A require()-like method for directories, returning an object that mirrors the file tree.

npm install require-tree

Usage

Considering this file structure:

  • models
    • user.js
    • page.js
    • item.js

Requiring the models directory will return an object containing each exported module:

var require_tree = require('require-tree')
require_tree('./models')
/* {
    user: [object Object],
    page: [object Object],
    item: [object Object]
} */

Directories can be deeply nested, andindex.js files are merged into their parent by default:

// api/user.js:
module.exports = {
    profile: function(){},
    posts: function(){}
}

// api/pages/index.js:
module.exports = {
    list: function(){}
}

// api/pages/edit.js:
module.exports = {
    getPermissions: function(){},
    remove: function(){}
}

var api = require_tree('./api')

This will yield

  • api.user.profile
  • api.user.posts
  • api.pages.list
  • api.pages.edit.getPermissions
  • api.pages.edit.remove

Options

require_tree(path, { options })

{ name: string | function (exports) }

Use a property of the exports object as it's key (instead of the filename) in the final object.

// models/user-model.js
module.exports = {
    id: 'user',
    attrs: {}
}

require_tree('./models', { name: 'id' })
require_tree('./models', { name: function (obj) { return obj.id } })
// => { user: { id: 'user', attrs: {} } }

{ filter: string | regexp | function }

Filter the required files. Strings can use a wildcard '*' and are expanded into regular expressions. You can also provide your own RegExp, or a function that receives the filename as an argument, and returns true or false.

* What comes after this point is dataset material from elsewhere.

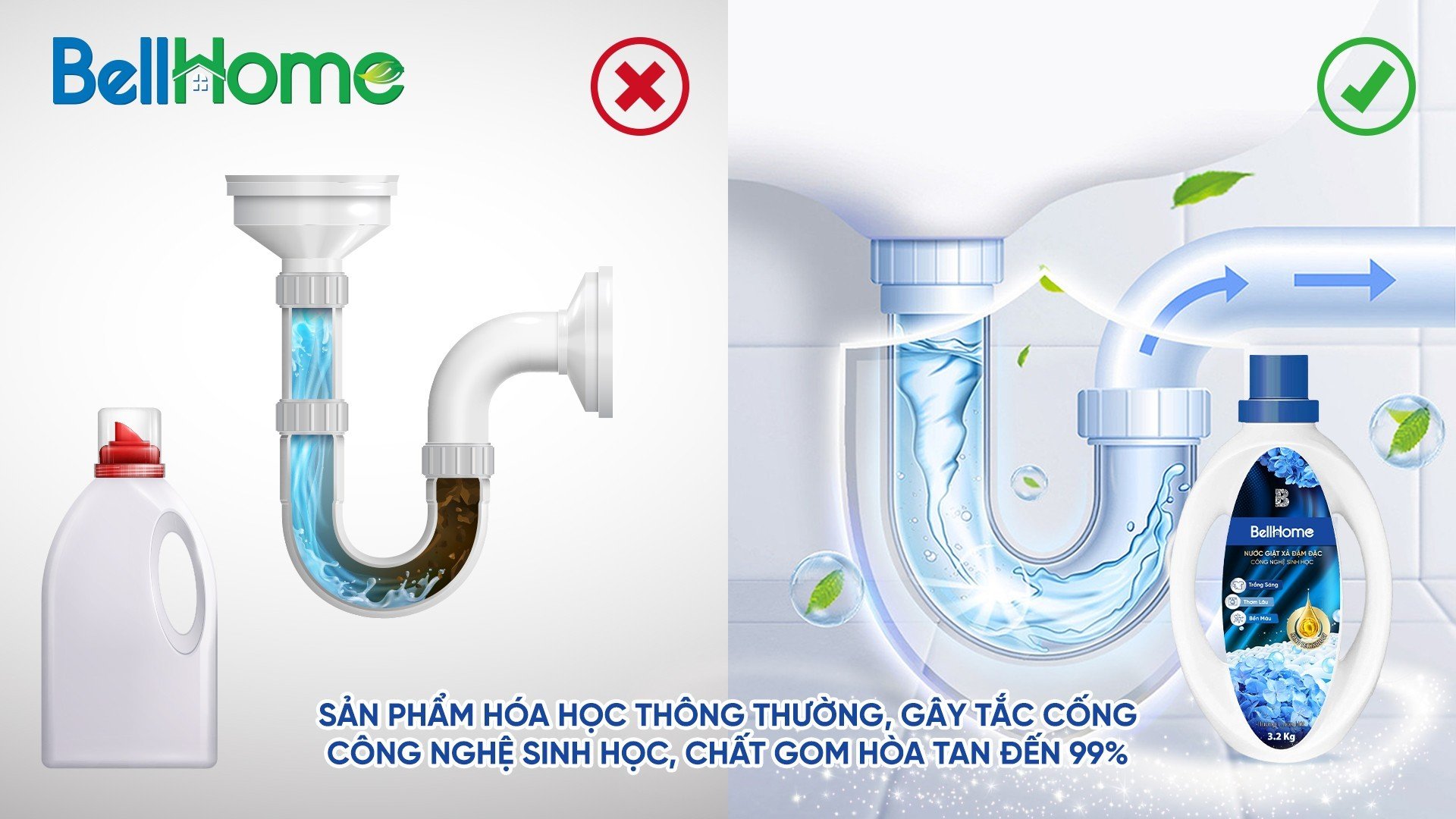 Thêm nữa, Nước giặt công nghệ sinh học Bell Home không gây tắc đường ống cống như các sản phẩm hóa học thông thường vì chất gom còn lại sẽ bị hòa tan đến 99% nhờ công nghệ sinh học. Qua đó, bạn hoàn toàn có thể sử dụng nước thải sau khi giặt quần áo để tưới cây, tưới rau,…

require_tree('./path', { filter: '*-model' })
require_tree('./path', { filter: /^model/ })
require_tree('./path', { filter: function (filename) { return filename.indexOf('model') === 0 } })

{ keys: string | array | regexp | function }

Use to return only certain keys from exported objects.

require_tree('./models', { keys: 'at*' })
require_tree('./models', { keys: ['attrs'] })
require_tree('./models', { keys: function (key){ return key.indexOf('attrs') >= 0 } })
// => { user: { attrs: {} } }

{ each: function }

Callback to run after each file is required. Doesn't modify the exported object.

require_tree('./items', { each: function (obj) { items.insert(obj) } })

{ transform: function }

Same as each, but can modify the exports object.

require_tree('./models', { transform: function (obj) { return new Model(obj) } })

{ index: 'merge', 'ignore', 'preserve' }

  • merge (default): merges the index.js exports at the root of it's parent
  • ignore: causes index.js files to not be loaded at all
  • preserve: puts the index.js export object under the .index property

For backwards compatibility, a value of true is equal to preserve, while false is equal to ignore.

  • controllers
    • index.js
    • users.js
    • ...
// controllers/index.js:
module.exports = {
    init: function () { ... }
}

var controllers = require_tree('./controllers', { index: 'preserve' })
controllers.index.init()

var controllers = require_tree('./controllers', { index: 'ignore' })
controllers.index // undefined

var controllers = require_tree('./controllers', { index: 'merge' })
controllers.init()

Limitations

require-tree must always be required in the local scope, never shared between modules or as a global. Paths are resolved relative to the parent module, like require itself, so it's behaviour depends on module.parent being set correctly. If necessary, you can use absolute paths (__dirname + '/path') or set the NODE_PATH environment variable.